The bank posted profits of $5.28 billion up from $3.23 billion a year ago, capping a stellar quarter for Wall Street lenders, which have benefited from a rebounding U.S. economy, soaring equity markets and a global deal-making bonanza.
Shares of Goldman Sachs were up 2% in mid-morning trading.
Global M&A volumes have shattered all-time records, with deals worth over $1.5 trillion inked by the world’s biggest investment banks in the third quarter, according to Refinitiv data.
Goldman comfortably held its top ranking as the world’s leading bank in M&A advisory, according to the Refinitiv data.
Those surging M&A fees drove Goldman Sachs’ overall financial advisory revenue up 225% to $1.65 billion, while underwriting revenue, which has been boosted by a rush of private companies looking to go public, surged 33% to $1.90 billion.
All told, Goldman’s investment bank boasted its second-best quarter ever, with total revenue of $3.70 billion, and executives said they expect revenues to continue to be strong.
“I remain optimistic about (opportunities),” Goldman Sachs Chief Executive Officer David Solomon said on a call with analysts. “Activity levels remain high particularly in investment banking.”
Earnings per share were $14.93 from $8.98 a year earlier, outstripping the $10.18 per share analysts had predicted, according to the IBES estimate from Refinitiv.
Goldman’s global markets trading business, which accounts for roughly 41% of overall revenue, reported revenue of $5.61 billion, up 23%.
The bank has been steadily expanding its prime brokerage business, where it handles trades for hedge funds, picking up clients and assets as other banks have trimmed their prime divisions. Additionally, it has gained market share when it comes to financing clients’ equity investing, according to its quarterly report.
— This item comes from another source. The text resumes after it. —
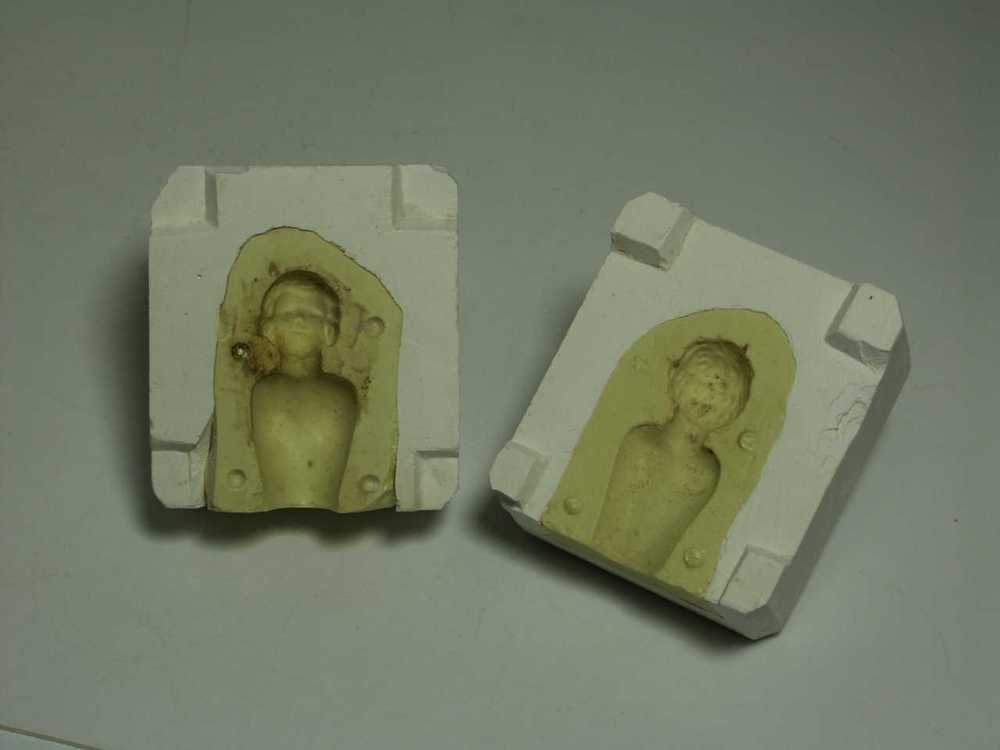 Marsepeinvorm van gips in de vorm van 2 mannen met p...
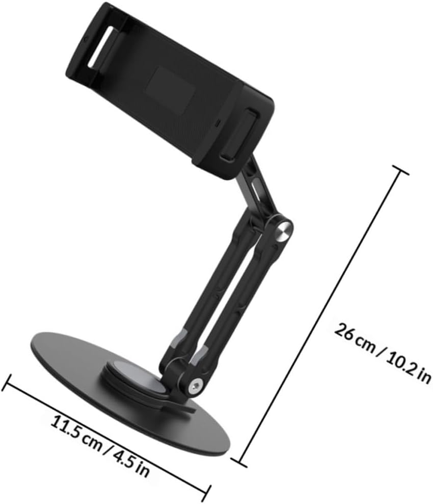 Package List 1 x Tablet Holder Characteristics -Material:ABS, aluminum alloy, silicone -Size:26.00X11.50X11.50cm/10.22X4.52X4.52in -Color:Black -Clamp adjustable range: 13.5-26.5cm/5.31-10.43in tablet bracket adjustable -Product Info:Aluminum alloy flat plate bracket - workmanship, reasonable structure, professional and practical, can bring you convenience desk tablet stand. - Put your tablet or another device at the perfect angle to enjoy a better using experience compact desktop tablet holder. - Lightweight and compact in size, easy to be placed stably on a flat and smooth . - The tablet stand is durable and practical enough to use. You can adjust the tablet holder angles for your different needs stand for tablet. - The tablet holder can be given as a good to your friends, which makes them feel happy all the time tablet holder for desk.Goods Informationfoldable phone stand for desk Made of ABS, aluminum alloy, silicone material, durable and practical for long-term use.adjustable tablet bracket Fashionable design, make it suitable for any home decoration style.stand for tablet Suitable for working at office, home, restaurant and more.tablet stand adjustable This stand provides a nice compact place for tablet

Those gains in prime brokerage and equity financing helped Goldman roughly double its equity trading revenue this quarter to $3.1 billion from $2.1 a year ago. That was higher than rival Morgan Stanley, which reported trading revenue of $2.87 billion and is typically number one in this line of business.
Morgan Stanley said on Thursday that its third-quarter profit rose 38%, while JPMorgan Chase & Co reported a 24% rise. Citigroup Inc. and Bank of America Corp, which were likewise buoyed by deal fees and equities trading, increased profits by 48% and 64%, respectively. All the banks handily beat estimates.
“Clearly, upside was anticipated given what we’d seen from peers, but not this much upside,” Credit Suisse analyst Susan Roth Katzke wrote in a note to investors on Friday. “The beat was broad-based.”
Goldman’s consumer business, though small, has been key to its diversification strategy.
As part of Chief Executive David Solomon’s strategy to build alternative revenue streams, Goldman is doubling down on Marcus, its consumer bank.
Since taking over from Lloyd Blankfein in 2018, Solomon has looked to diversify revenue, with more focus on consumer banking, mass-market wealth management and cash management.
Net revenue in Goldman’s consumer banking unit rose 17% to $382 million, reflecting higher credit card and deposit balances.
Total loans increased 28% to $143 billion in the quarter from a year earlier, a strong result in a mixed quarter for loan growth across Wall Street.
JPMorgan said on Wednesday that loans were up 5% across the bank compared with last year, while Citi was broadly flat.
Bank of America and Wells Fargo reported declines in loan growth year-on-year.
Total revenue surged 26% to $13.61 billion in the quarter, handily beating estimates.